Saturday, April 14, 2018

How to Write Highly Cited Articles

This blog posting is for all my friends and contacts who write (or wish to write) scientific or technical papers that garner citations.

I recently attended a talk (at UPitt Center for Philosophy of Science) given by Simon DeDeo of Santa Fe Institute and Carnegie Mellon Philosophy Dept., in which he described his apparently unpublished work on mini scientific revolutions, as detected by analyzing word clouds in scientific papers on ArXiv.org, a moderated repository of electronic preprints in quantitative disciplines.

His hour-long talk covered many issues he detected by crawling the entirety of ArXiv doing textual analysis. As I've learned from other talks, a bag of words (or word cloud) can fairly accurately characterize what an article is about. So if you follow articles in a given discipline, looking for points where the word distribution shifts, you may have detected a mini scientific revolution, where many in the field decided to start using some new words and phrases, which then go out of fashion after a while when yet-other word clouds come along and displace them.

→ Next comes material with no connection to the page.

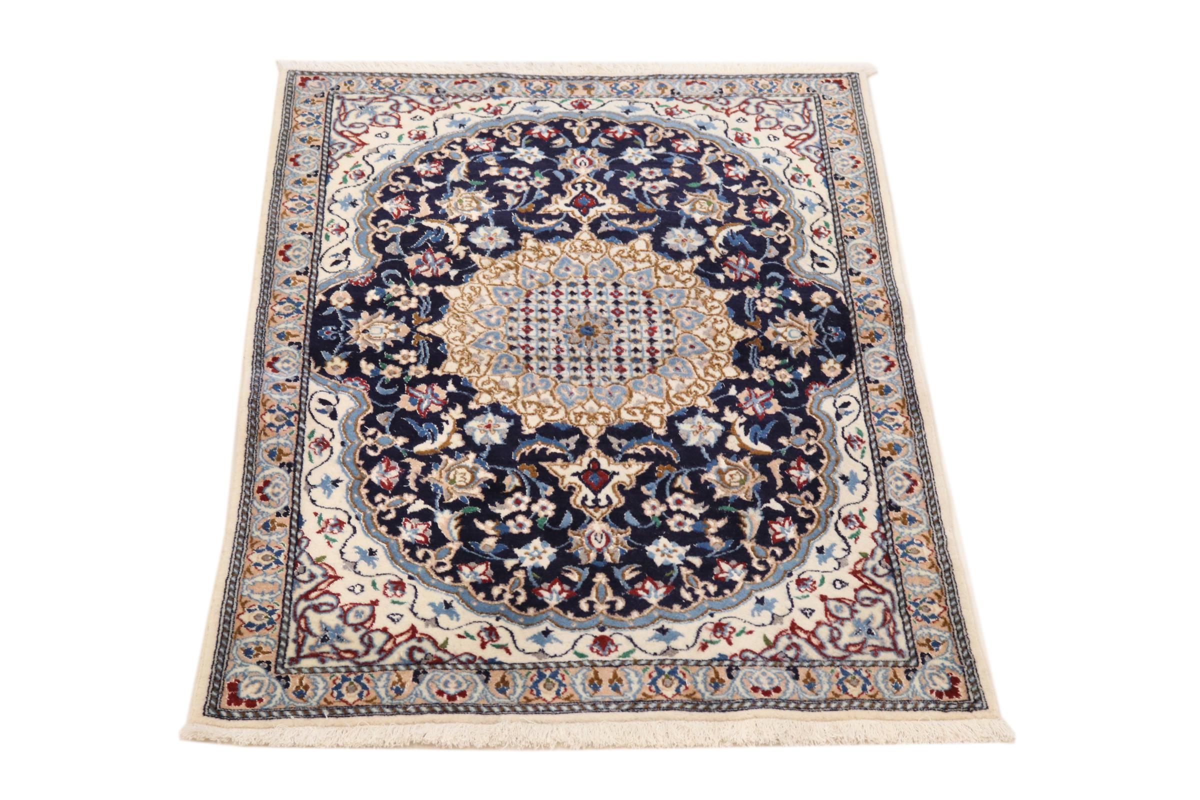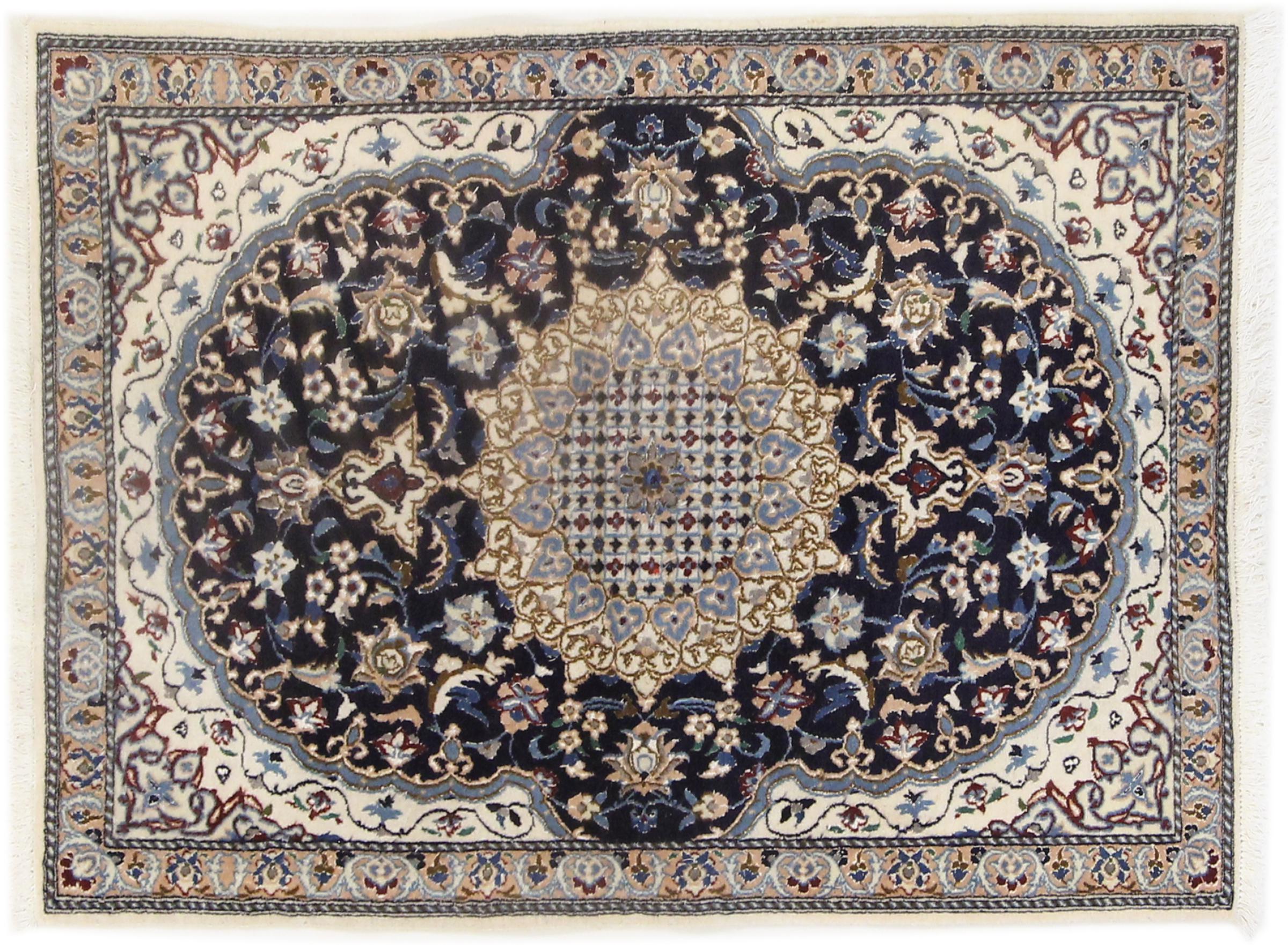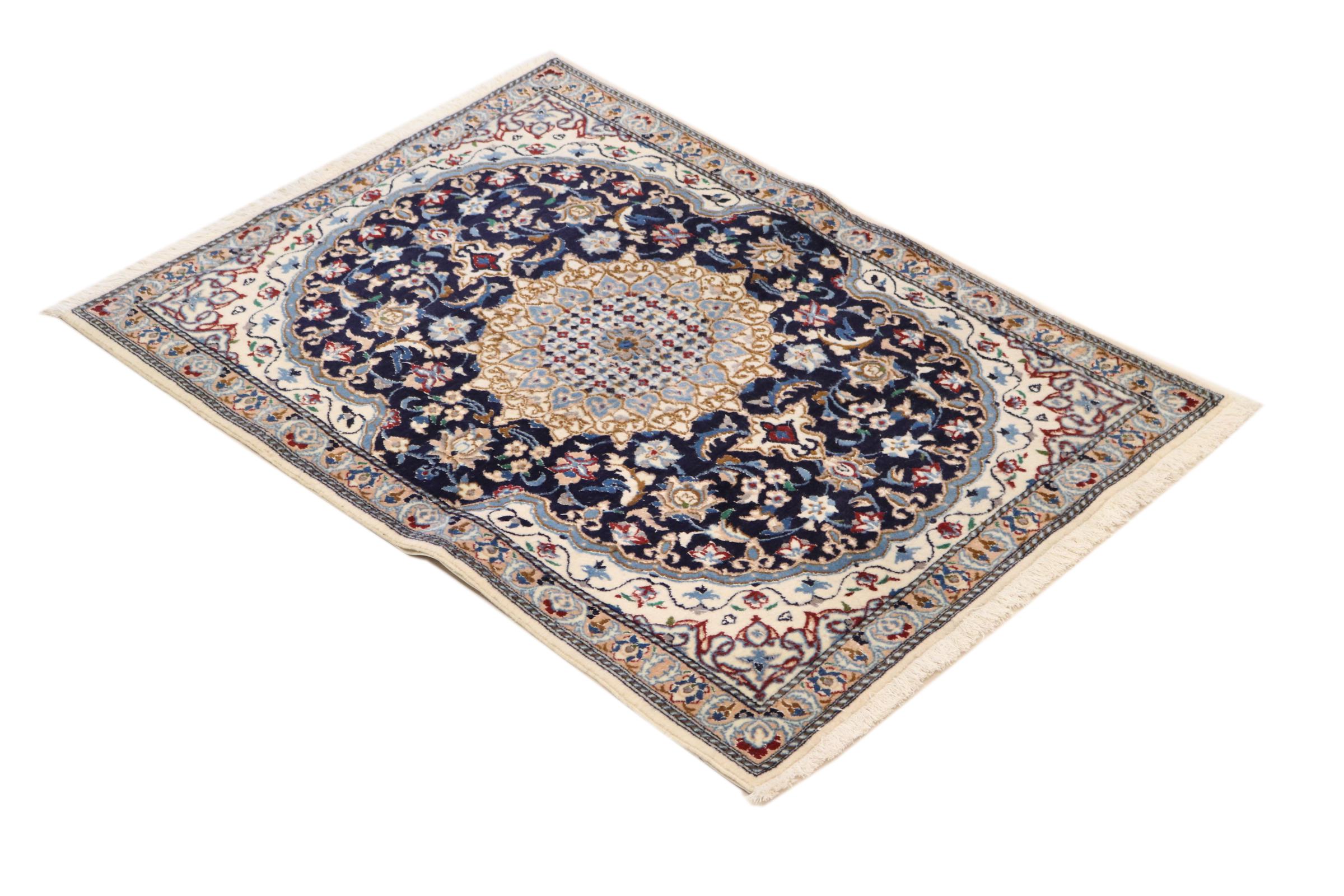 Rugs from the city of Nain, located near one of Iran's largest deserts, are among the most renowned Persian rugs in the world. Their typical design is unmistakable, featuring floral ornaments, a central medallion, and tones of beige, red, or blue. Thanks to their designations of 4La, 6La, 9La, and 12La, the fineness of a Nain rug can be easily identified at a glance. The rule is, the lower the "La" number, the higher the knot density and thus the finer the rug.
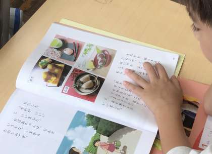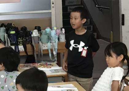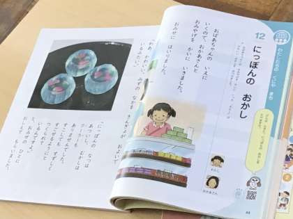 1年1組さん、道徳の授業で「にっぽんのおかし」を勉強していました.

A popular and plausible metric for when this has occurred is K-L Novelty [citation needed], which detects these word cloud shifts using a simple Shannon-based formula (for how "surprising" is some set of words, given what came before).

Areas investigated by DeDeo, an astrophysicist by training, included String Theory, whose K-L Novelty he says has been flatline since the 1980's, and whose 3-year lookback has converged to Brownian motion. But leaving aside this tragedy, he also offered up some useful advice.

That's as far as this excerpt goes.